> **Exercise goal**:
Return the full listing word for word, but drop every picture from it.

> **Data shown**:
# # # #

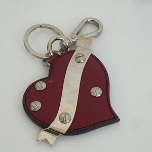 Authentic PRADA Heart Logo Three-Piece Set key ring metal [Used]
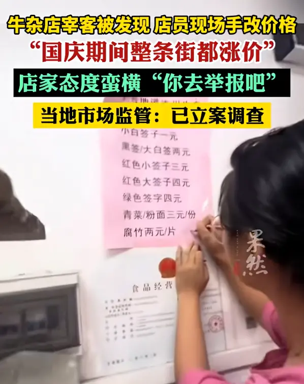 牛杂店宰客被发现,店员现场手改价格,市监局:罚款3500元
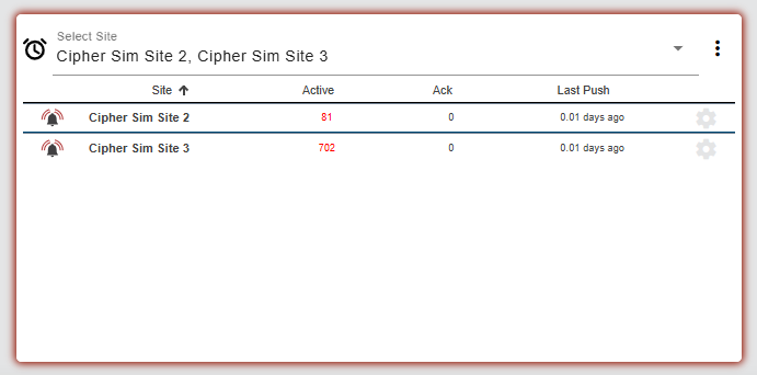 | The Alarms gadget will now continue to glow with the red color while there are Data events for the sites selected for the gadget that are Active or Acknowledged. The red glow will be removed automatically when the Data events for the sites selected for the gadget site are Resolved.

# # # #

> **Solution**:
 Authentic PRADA Heart Logo Three-Piece Set key ring metal [Used]
 牛杂店宰客被发现,店员现场手改价格,市监局:罚款3500元
 | The Alarms gadget will now continue to glow with the red color while there are Data events for the sites selected for the gadget that are Active or Acknowledged. The red glow will be removed automatically when the Data events for the sites selected for the gadget site are Resolved.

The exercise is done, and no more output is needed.